:: EXERCISE ::
From the line containing "South Red Agate" to the end of the records, print every line exactly, both ends included, and leave out the pictures.

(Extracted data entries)
####################
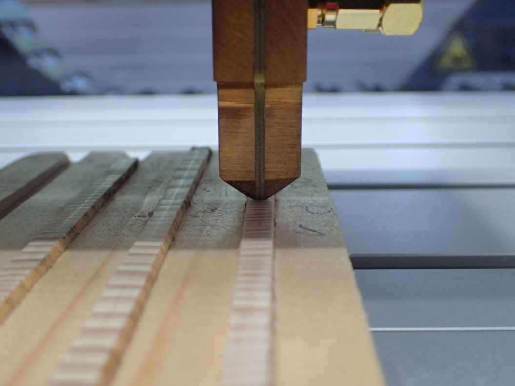 Hochfrequenzsonde der LIGNOSTATION beim Abtasten einer Holzprobe.
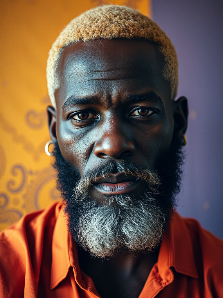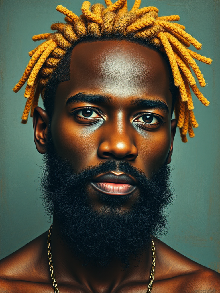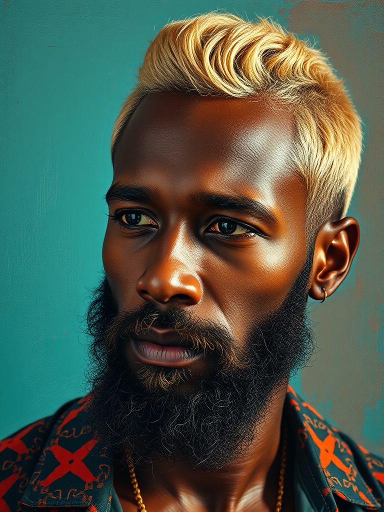 Blonde african man with beard portrait, Fauvism
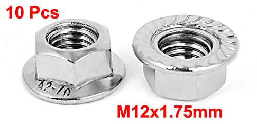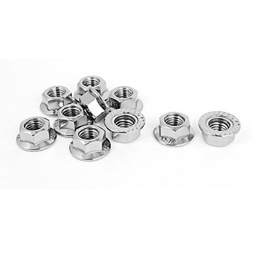 uxcell 六角フランジナット 304 ステンレス鋼製シルバートーン M12x1.75mm 10個入り
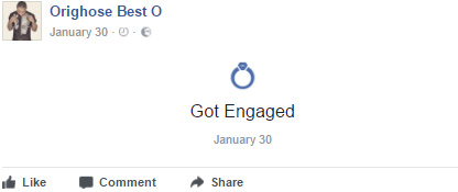 Best Orighose had been working for the deceased’s father before they started dating and got engaged early this year. Her last Facebook update before her death was a post acknowledging a change in her relationship status. Orighose also changed his relationship status on January 30th to show that he was engaged. That was his last Facebook update before the incident
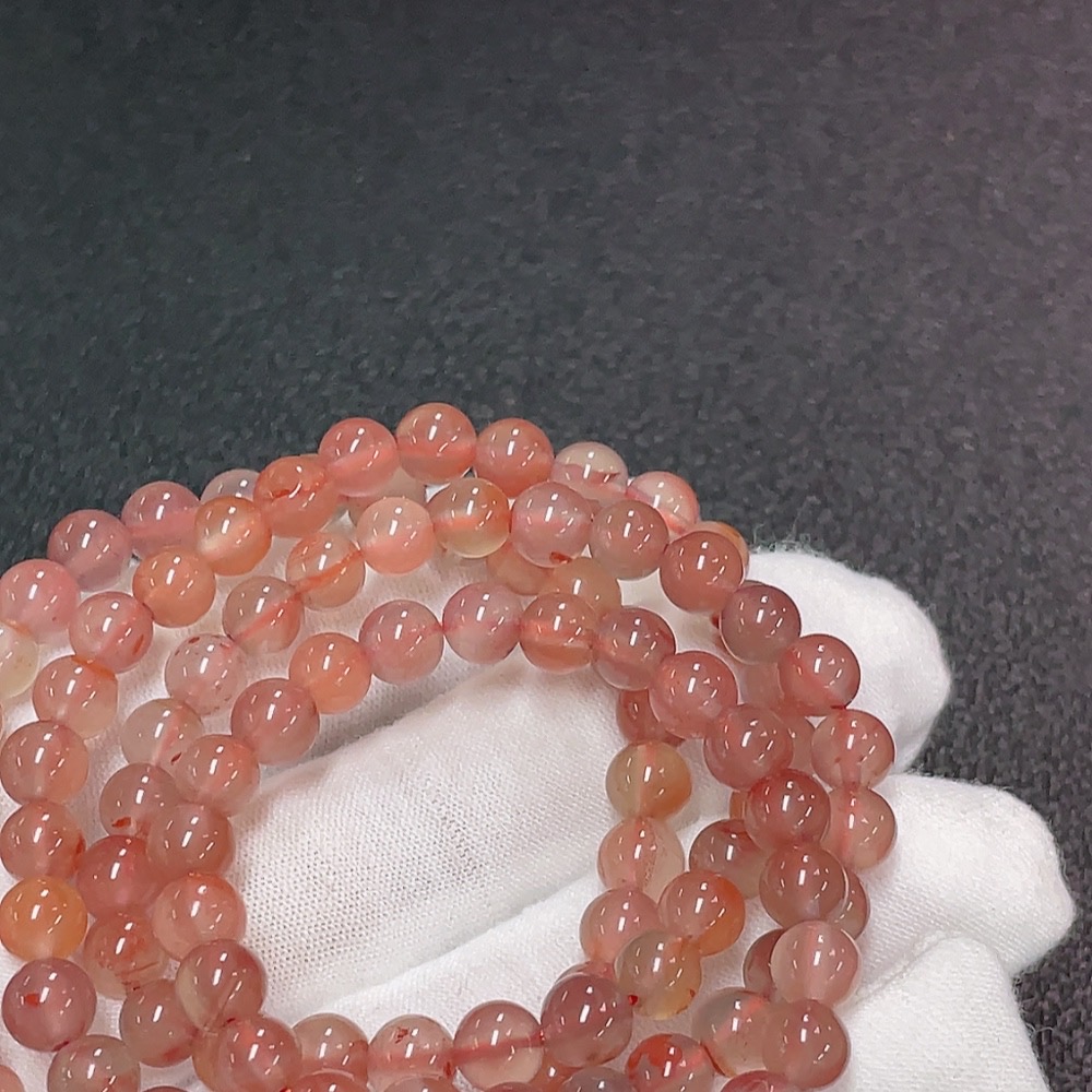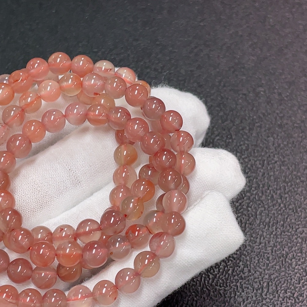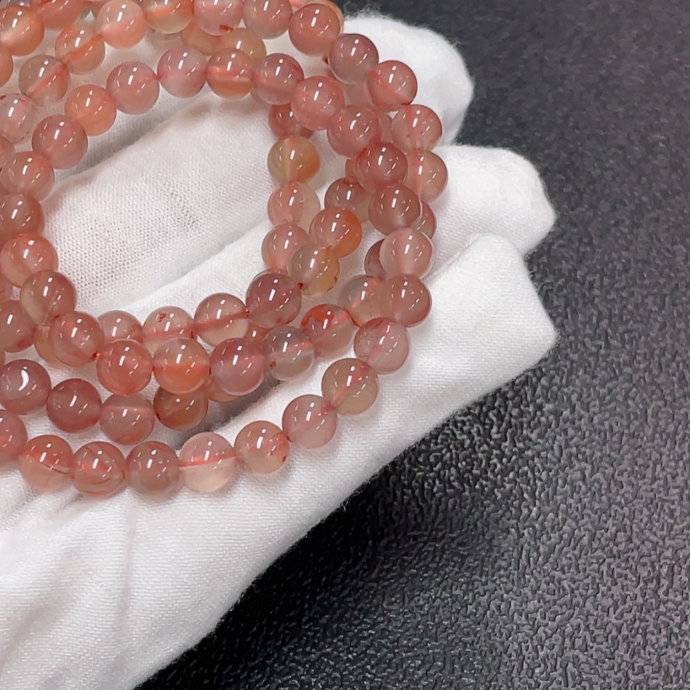 South Red Agate Bead Strand with Visible Organic Matter, Total Weight Approx. 34.24g, Size About 6mm
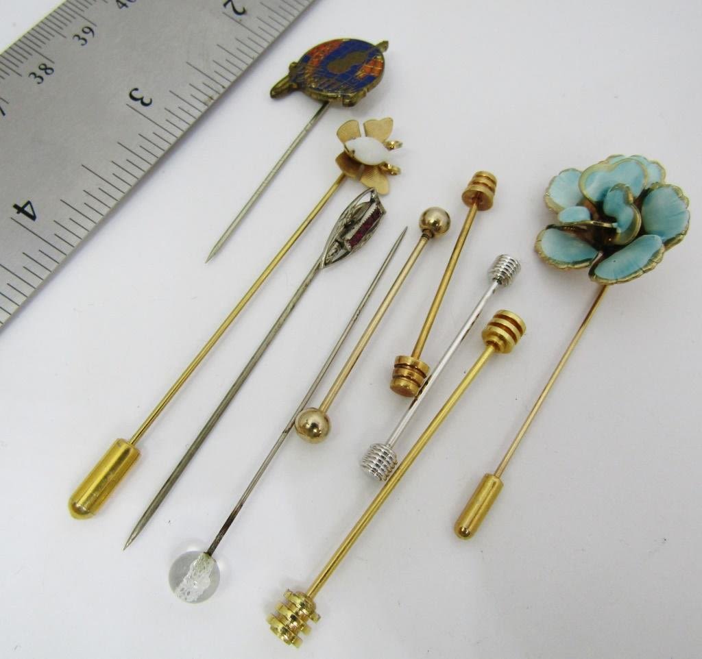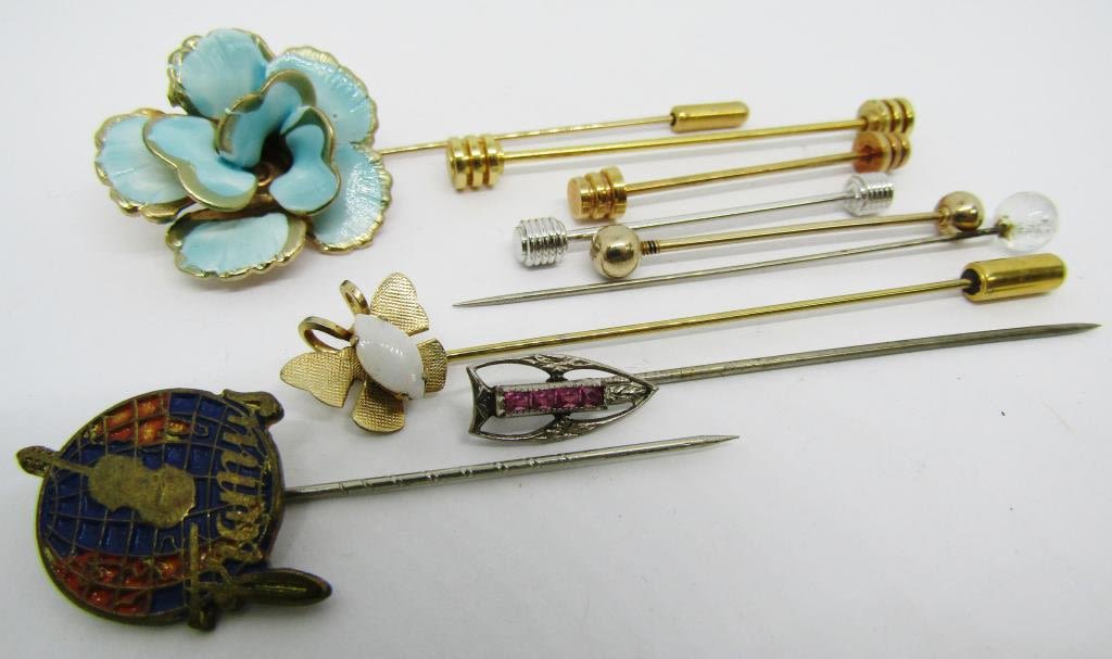 4-ASSORTED SILVER AND GOLD TONED TIE PINS 1-STICK PIN W/ CLEAR BEAD 1-STICK PIN W GOLD TONED BUTTERFLY AND PEARL COLORED STONE 1-GOLD TONE TEAL PAINTED FLOWER STICK PIN 1-HOFFSTATTER BONN GUITAR & GLOBE GOLD TONE
####################
:: RESPONSE ::
 South Red Agate Bead Strand with Visible Organic Matter, Total Weight Approx. 34.24g, Size About 6mm
 4-ASSORTED SILVER AND GOLD TONED TIE PINS 1-STICK PIN W/ CLEAR BEAD 1-STICK PIN W GOLD TONED BUTTERFLY AND PEARL COLORED STONE 1-GOLD TONE TEAL PAINTED FLOWER STICK PIN 1-HOFFSTATTER BONN GUITAR & GLOBE GOLD TONE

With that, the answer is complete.